### Your task
In your copy, reproduce the entries exactly as they are, minus the images.

>>>>>

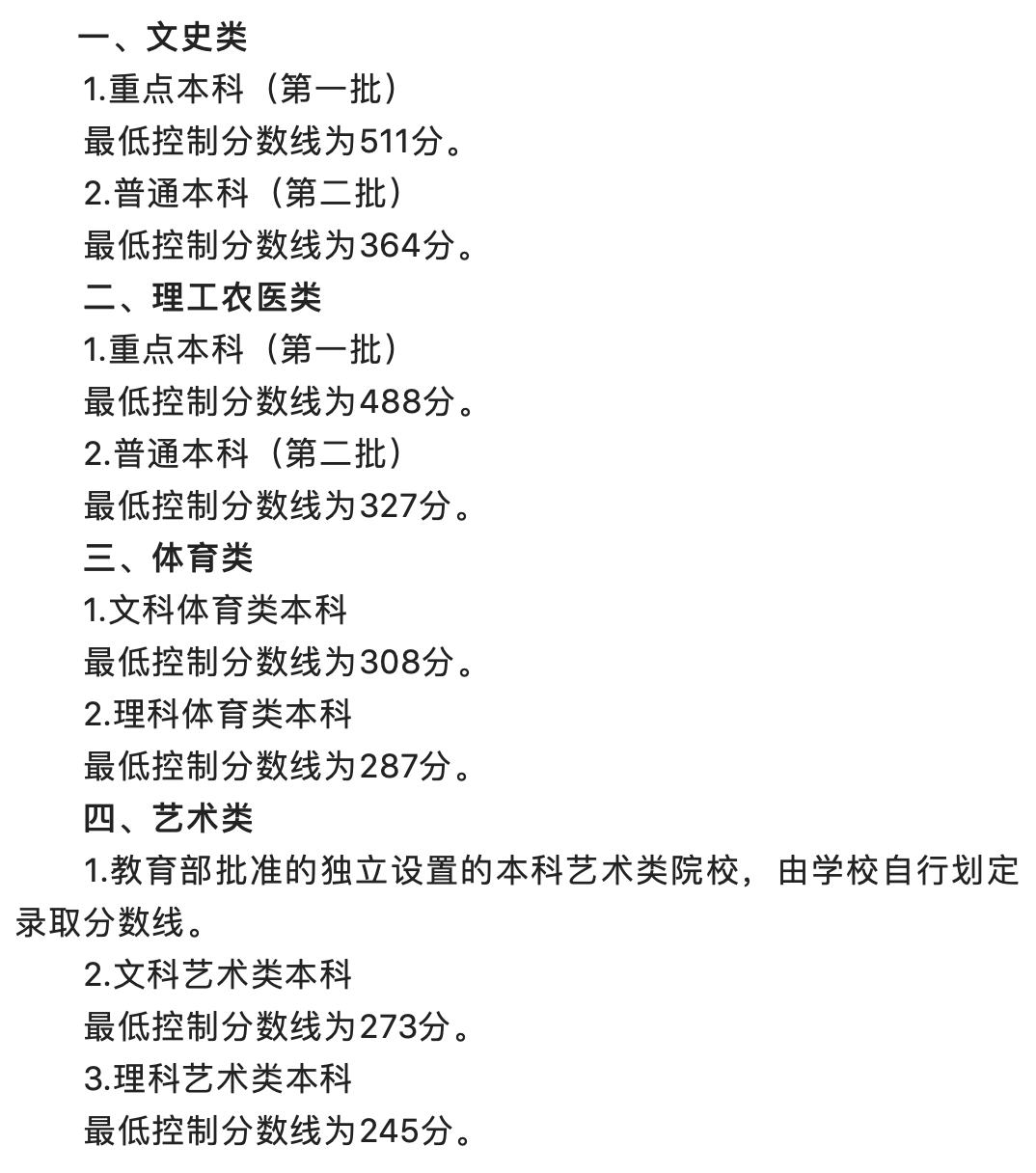 2022年吉林省普通高考本科各批次錄取最低控制分數線
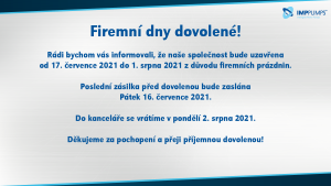 od 17. července 2021 do 1. srpna 2021 z důvodu firemních prázdnin.
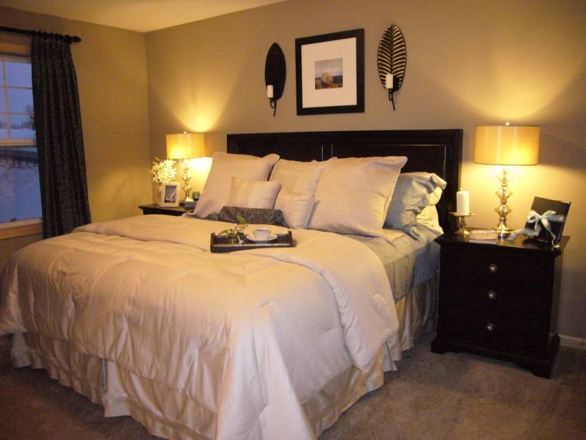 - Бежевый – светлый цвет, который помогает визуально расширить пространство комнаты. Данная цветовая гамма считается одной из лучших именно для обустройства маленькой спальни – ваша комната будет выглядеть просторнее.
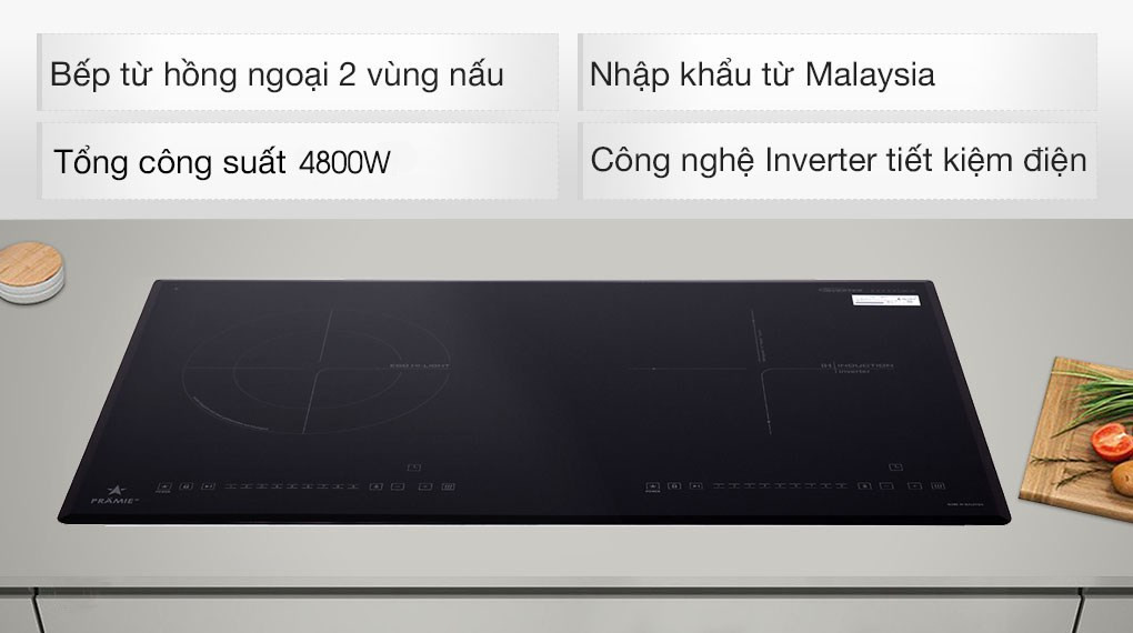 Bếp từ hồng ngoại Pramie 2108 phục vụ tốt cho các gia đình muốn tận dụng sự tiện nghi của cả 2 loại bếp điện, dùng an toàn, bền tốt, nấu ăn nhanh tiết kiệm thời gian.
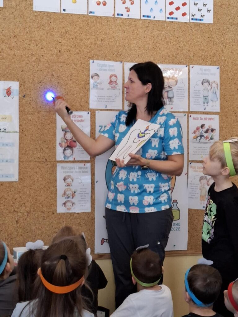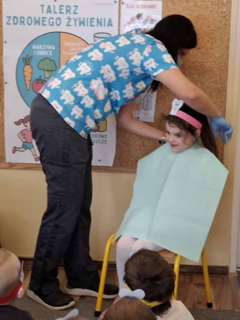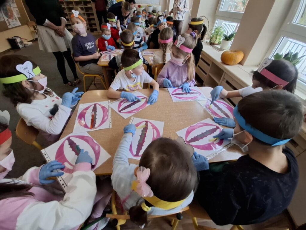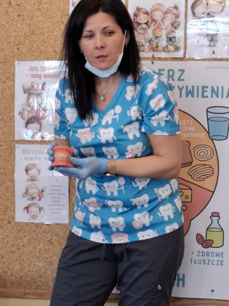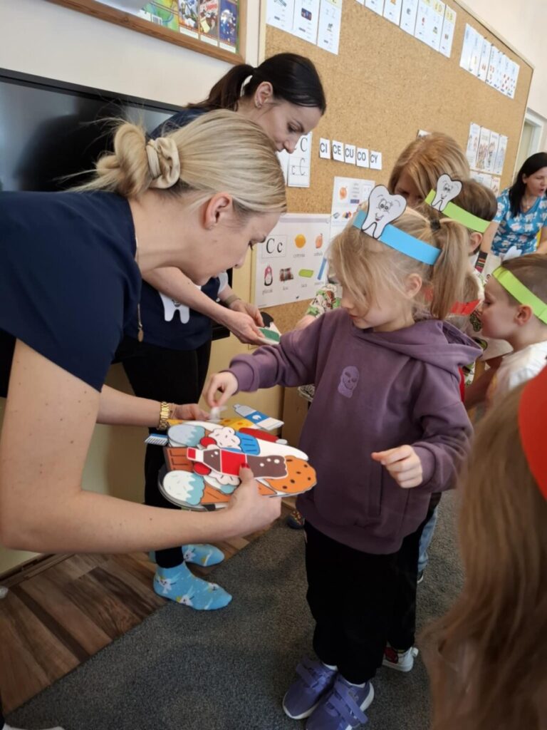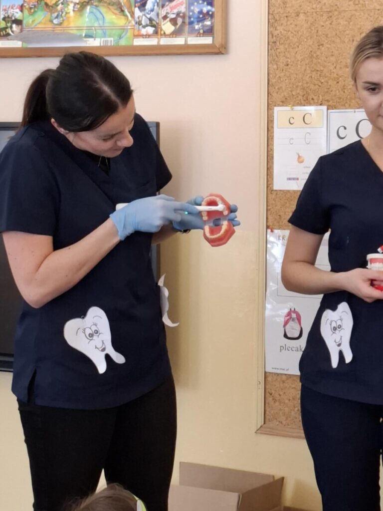 Przedszkolaki z dużym zainteresowaniem brały udział w spotkaniu, chętnie odpowiadały na pytania oraz dzieliły się swoimi doświadczeniami. Największą atrakcją była część praktyczna, podczas której dzieci miały okazję samodzielnie ćwiczyć prawidłowe szczotkowanie zębów.
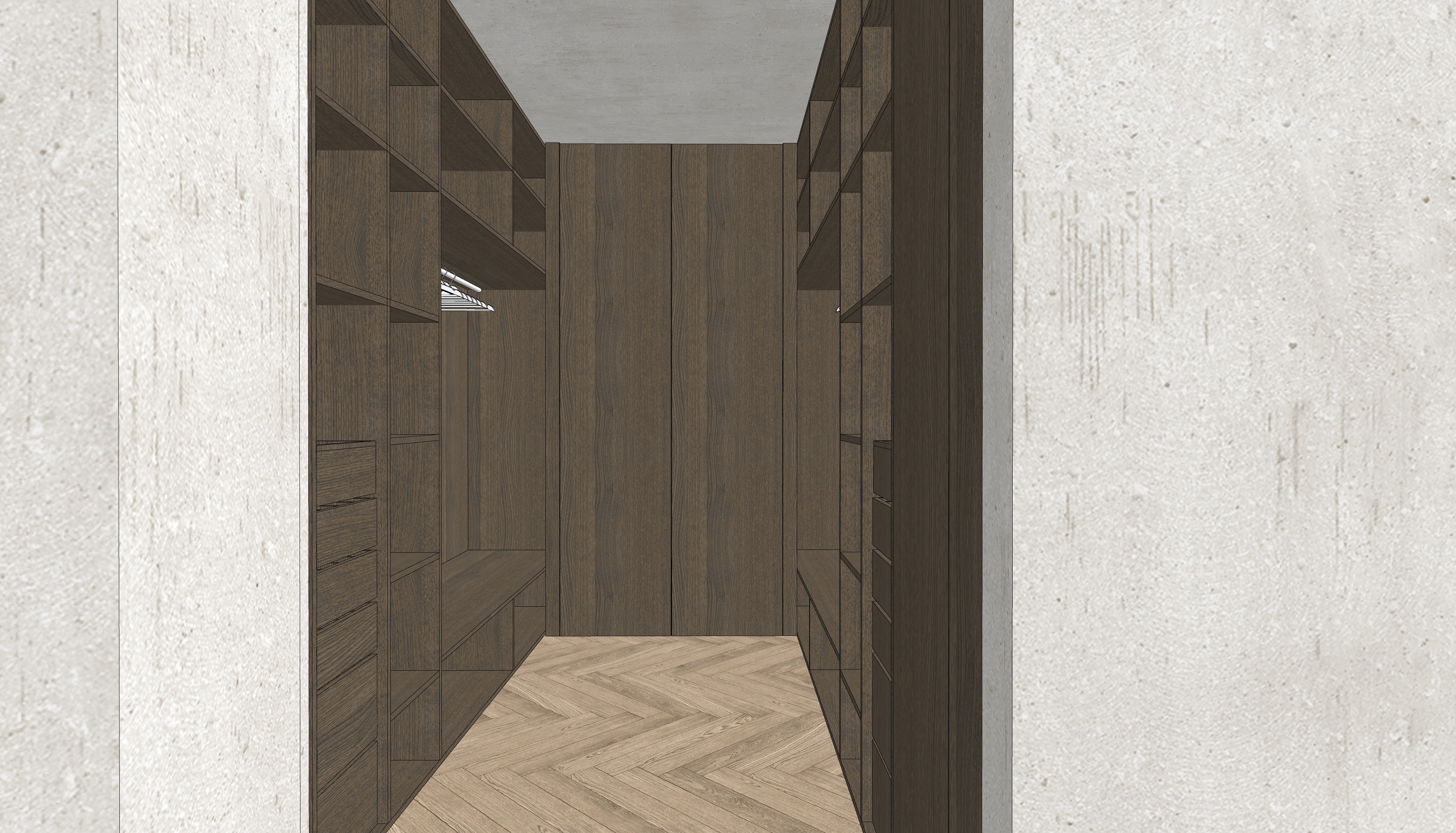 make render of wardrobe preserve wood on furniture make wood herringbone floor light beige plaster of microcement add spotlights on ceiling small recessed add clothes
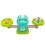 Az 1–10-ig terjedő számosúlyok megfelelnek a dínó figurák számának. A gyerekek látják, mikor van egyensúlyban a mérleg, és ösztönösen megértik az összeadást és kivonást.
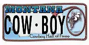 A mockup of the Montana Cowboy Hall of Fame specialty license plate.
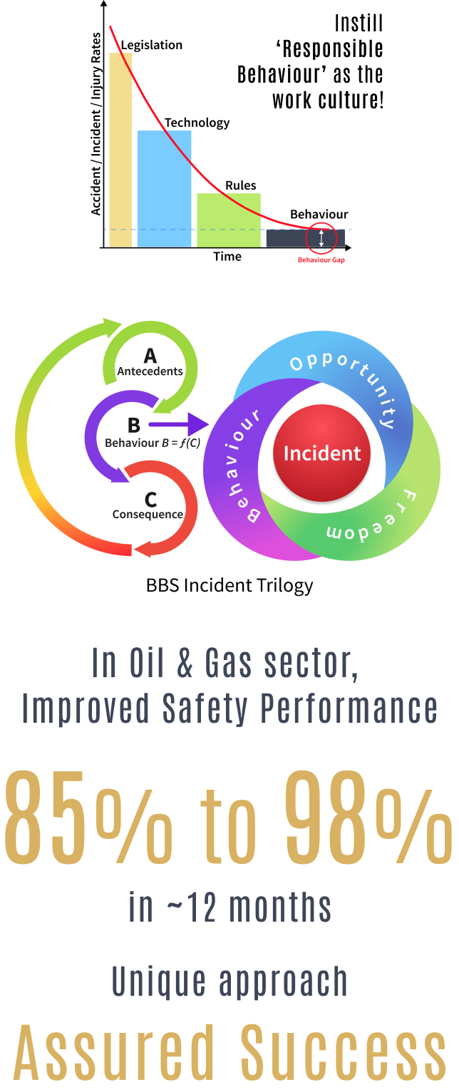 It takes an Opportunity or Freedom with uncontrolled / unregulated / at risk Behaviour to cause an incident. Behaviour stems out of work culture, beliefs about how past incidents were dealt with, etc. Leadership has a greater role to play. By instilling a self-regulating autonomous behaviour, even the existence of such opportunities and freedom would be disregarded to do things right! In Behaviour Based Safety, we focus on the ‘what’ and ‘why’ of people’s actions. We recognise the good and build interventions to address those that can be improved. We focus on ‘Why they do things the way they do?’ and help them overcome. Series of onsite assessments, observations, mentoring followed by classroom training, brings in a positive behavioural change and hence the culture.
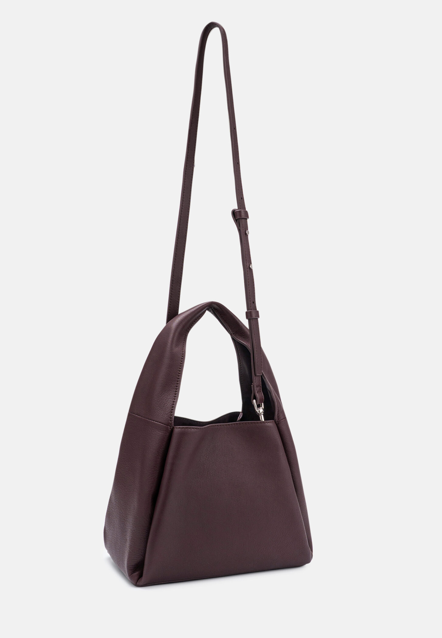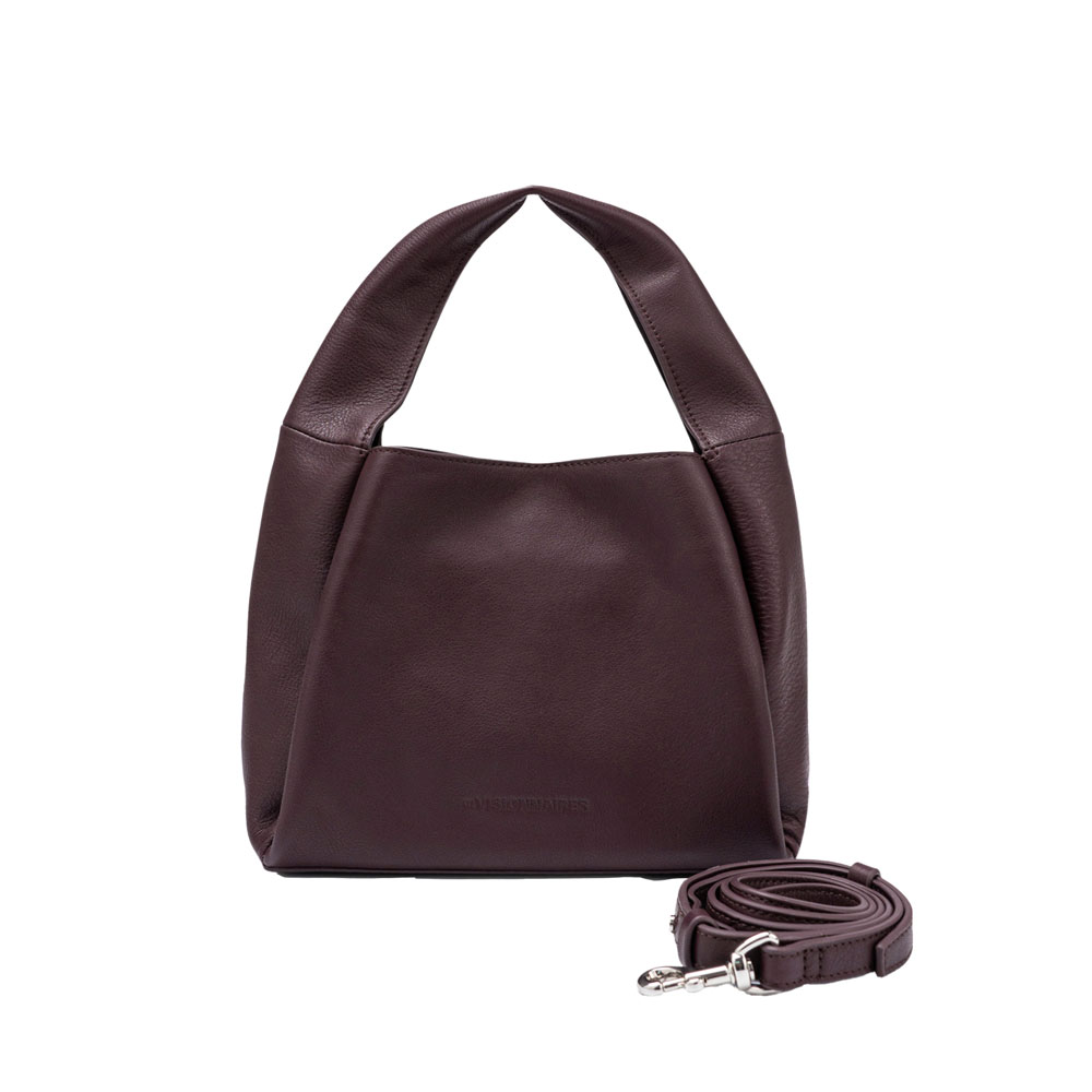 Les Visionnaires Tasche „Coralie Essential Soft Grainy“ aubergine. Die Coralie Essential Soft Grainy ist mehr als nur eine Tasche – sie überzeugt mit einer klaren, modernen Silhouette und einer besonders weichen, skulpturalen Form. Der sanft strukturierte Korpus fällt elegant nach unten und verleiht ihr eine ruhige, minimalistische Ausstrahlung, während das hochwertige Leder für eine edle, geschmeidige Haptik sorgt.

<<<<<

### Exercise result
 2022年吉林省普通高考本科各批次錄取最低控制分數線
 od 17. července 2021 do 1. srpna 2021 z důvodu firemních prázdnin.
 - Бежевый – светлый цвет, который помогает визуально расширить пространство комнаты. Данная цветовая гамма считается одной из лучших именно для обустройства маленькой спальни – ваша комната будет выглядеть просторнее.
 Bếp từ hồng ngoại Pramie 2108 phục vụ tốt cho các gia đình muốn tận dụng sự tiện nghi của cả 2 loại bếp điện, dùng an toàn, bền tốt, nấu ăn nhanh tiết kiệm thời gian.
 Przedszkolaki z dużym zainteresowaniem brały udział w spotkaniu, chętnie odpowiadały na pytania oraz dzieliły się swoimi doświadczeniami. Największą atrakcją była część praktyczna, podczas której dzieci miały okazję samodzielnie ćwiczyć prawidłowe szczotkowanie zębów.
 make render of wardrobe preserve wood on furniture make wood herringbone floor light beige plaster of microcement add spotlights on ceiling small recessed add clothes
 Az 1–10-ig terjedő számosúlyok megfelelnek a dínó figurák számának. A gyerekek látják, mikor van egyensúlyban a mérleg, és ösztönösen megértik az összeadást és kivonást.
 A mockup of the Montana Cowboy Hall of Fame specialty license plate.
 It takes an Opportunity or Freedom with uncontrolled / unregulated / at risk Behaviour to cause an incident. Behaviour stems out of work culture, beliefs about how past incidents were dealt with, etc. Leadership has a greater role to play. By instilling a self-regulating autonomous behaviour, even the existence of such opportunities and freedom would be disregarded to do things right! In Behaviour Based Safety, we focus on the ‘what’ and ‘why’ of people’s actions. We recognise the good and build interventions to address those that can be improved. We focus on ‘Why they do things the way they do?’ and help them overcome. Series of onsite assessments, observations, mentoring followed by classroom training, brings in a positive behavioural change and hence the culture.
 Les Visionnaires Tasche „Coralie Essential Soft Grainy“ aubergine. Die Coralie Essential Soft Grainy ist mehr als nur eine Tasche – sie überzeugt mit einer klaren, modernen Silhouette und einer besonders weichen, skulpturalen Form. Der sanft strukturierte Korpus fällt elegant nach unten und verleiht ihr eine ruhige, minimalistische Ausstrahlung, während das hochwertige Leder für eine edle, geschmeidige Haptik sorgt.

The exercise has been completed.